O Exorcista – 2ª e última temporada
Série reinventa a mitologia, mas sente o peso do legado
Depois de uma excelente primeira temporada, que dava continuidade a trama de Regan no presente (mantendo a essência do filme original), o segundo ano de O Exorcista precisou fazer escolhas complexas ao se distanciar de uma história que já foi contada, para dar andamento a jornada dos padres exorcistas Tomas e Marcus. Agora, distantes dos grandes centros urbanos, a dupla segue pelo meio oeste americano tentando realizar um exorcismo. Enquanto isso, o marido xerife e os demais cidadãos tentam impedi-los, por não compreender a ação. No Vaticano, a conspiração demoníaca continua se desenvolvendo, com um cauteloso Benett tentando impedir tal avanço.
Mas é no lar de adoção no meio de uma ilha que o coração do seriado se encontra. Agora temos o personagem do lutuoso Andy Kim (interpretado pelo sempre inspirado John Cho). Ele está rodeado de crianças com personalidades distintas, que ajudam a compor o complicado mosaico que vai se formando. Então algo de sombrio desperta (ou não, afinal sempre esteve ali). Assim, temos a adolescente rebelde (na pele de Brianna Hildebrand, que esteve nos dois filmes do “Deadpool”), o menino cego, o mais bobão, o cristão, entre outros, incluindo aí uma menina que tinha sido diagnosticada erroneamente como possuída e depois passa a integrar tal família.
A dinâmica que essa subtrama causa no plot principal é interessante, porque a todo momento deixa a dúvida de quem será o incorporado da vez, um suspense que é sustentado até o meio da temporada, quando chega a primeira revelação (com nível de impacto semelhante ao que aconteceu no primeiro ano) e então várias perspectivas mudam, aqui, à lá O Sexto Sentido.
O Exorcista – 2ª Temporada
Mesmo que o enredo se reinvente para trazer novos dinamismos, é inegável notar o quão descaracterizada a série fica em alguns momentos, como no ótimo começo, do já citado exorcismo em uma caminhonete, depois galpão.
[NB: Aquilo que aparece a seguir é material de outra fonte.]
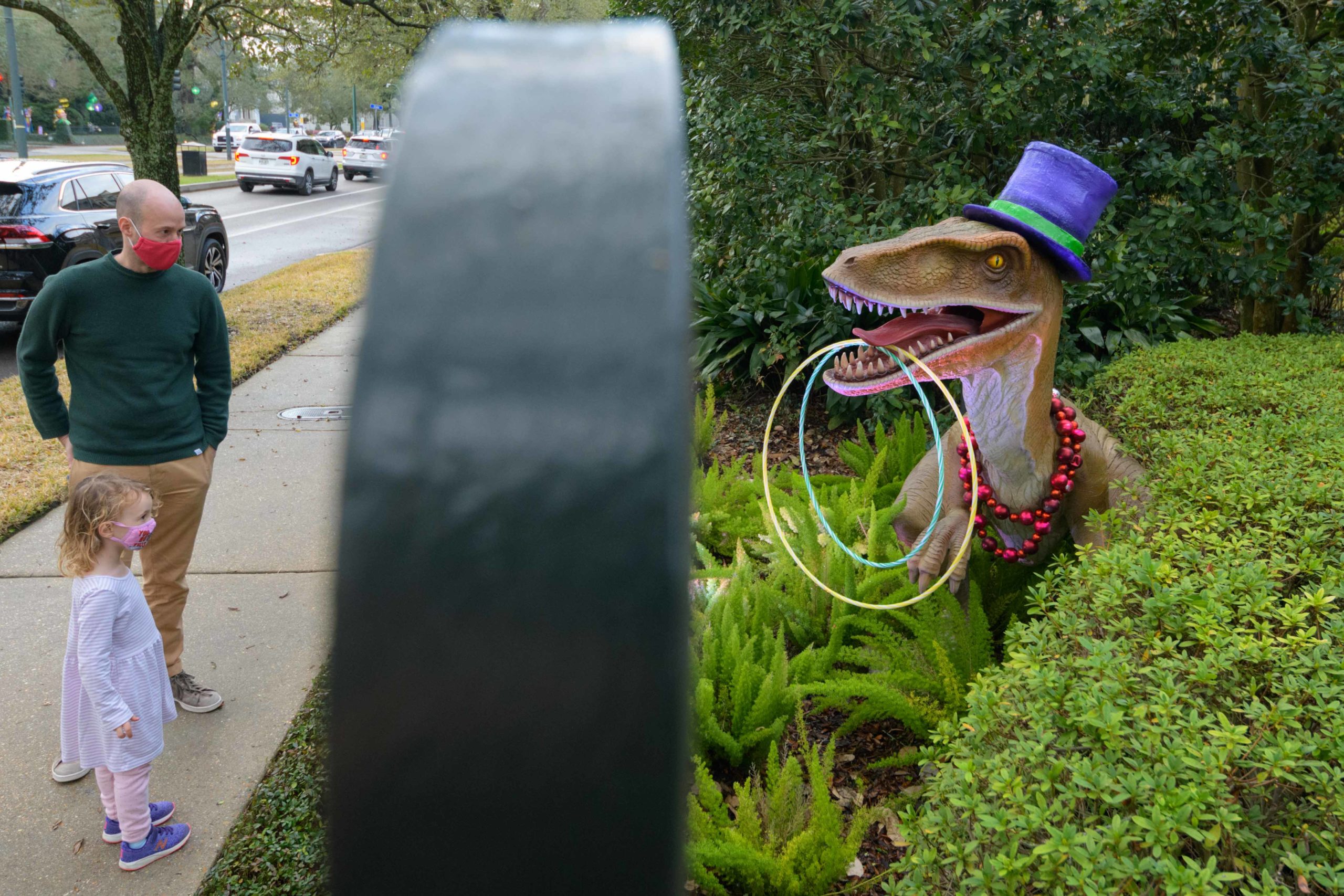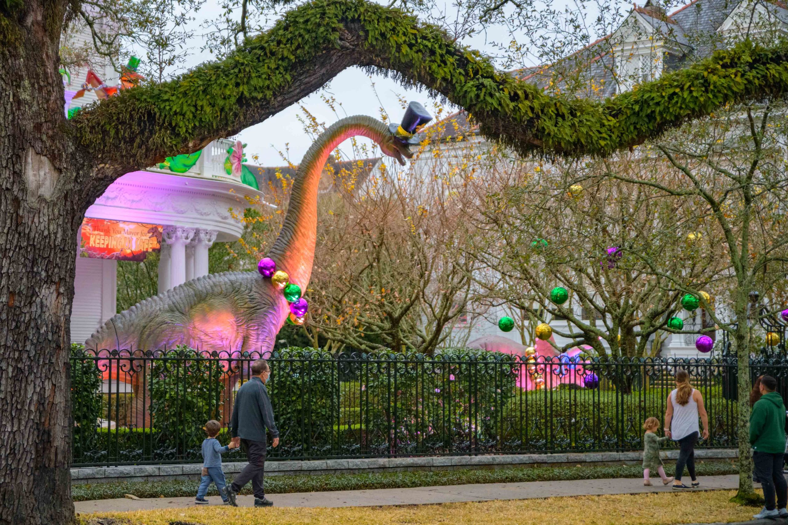 Its Dino Gras on St. Charles Ave. at Rosa Park near State Street with a house looking like a Mardi Gras themed Jurassic Park with a velociraptor, brachiosaurus, and pterodactyl. All are wearing top hats and beads and a triceratops wears a carnival mask. The decorations were made by Kern Studios famous for designing floats for Super Krewes like Bacchus, Endymion, Orpheus and Muses. Photo by Matthew Hinton

Remete imediatamente a série Supernatural, mas não a consagrada adaptação de William Peter Blatty. Toda a conspiração do Vaticano, por mais intrigante e grandiosa que seja, se distancia ainda mais dos mitos consagrados tanto no filme de 1973, quanto na primeira temporada. Portanto, é com o lar adotivo de Kim e seu drama muitíssimo bem realizado, que a série renova sua identidade. Mesmo que ainda um pouco desfigurada do que esperamos de tal produção.
Alfonso Herrera e Ben Daniels estão mais à vontade do que nunca em seus papeis de exorcistas. Eles seguem dramas próprios e tem um desenvolvimento distinto. Padre Tomas se vê no dilema de seus novos dons (ou seria uma maldição); e o excomungado Marcus não consegue mais ouvir a Deus e acaba criando um novo relacionamento na ilha onde o mal reside. A adesão das moças Li Jun Li e Zuleikha Robinson ao elenco é um acerto, pois Rose e Mouse trazem performances que contribuem para o andamento da trama e expansão daquela mitologia.
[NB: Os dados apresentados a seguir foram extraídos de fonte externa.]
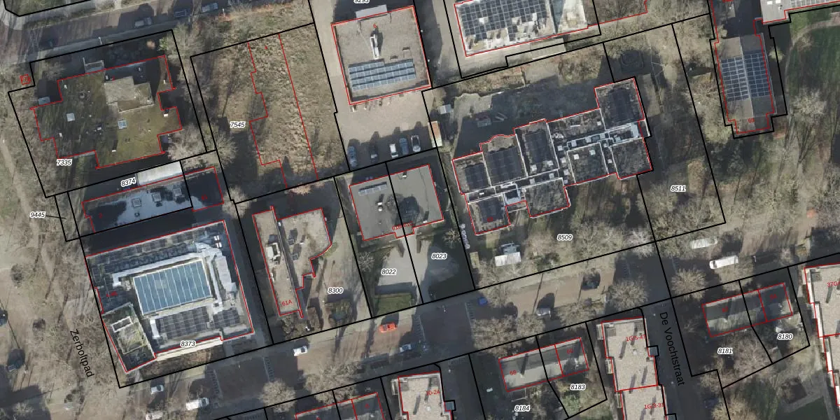 Het perceel waarop Zerboltstraat 61-C staat heeft een oppervlakte van 447 m². Dit is een groot perceel. De perceeloppervlakte wordt geregistreerd door het Kadaster. Gedetailleerde informatie over de maten van dit perceel kunt u vinden in het rapport Kadastrale kaart met maatvoering van Zerboltstraat 61-C.

Não só o drama é bem trabalhado e melancólico na medida, como a execução do terror (ora psicológico, ora gore) aumenta na escala. Os efeitos invadem a narrativa no tempo certo. Entre os trunfos da produção, ainda temos os pesadelos que servem para confundir tanto personagens quanto o espectador. Afinal, nunca temos certeza do real ou imaginário. Em dado momento e pelo uso excessivo, tal recurso acaba se desgastando, mas nunca deixa de ter serventia no roteiro.
Conclusão…
Os dez episódios acabaram sendo um ônus para a série que, da metade para o final, demonstra certo desgaste. A história se enrola em um clímax alongado, mas a recompensa chega mesmo assim, com desfechos emocionantes, improváveis e poderosos, preservando o trabalho digno que Jeremy Slater concebeu desde o princípio. É uma pena, portanto, que a Fox tenha cancelado o seriado. Falando sobre depressão, homossexualidade, autismo e variados tipos de abuso, O Exorcista jamais perde seu valor de entretenimento e fornece um terror de classe. Melhor do que mais da metade dos filmes de terror contemporâneo.
O legado, mesmo descaracterizado, acabou prestando tributo ao original e essa compreensão da essência é que tornou a falecida série em um material de primeira.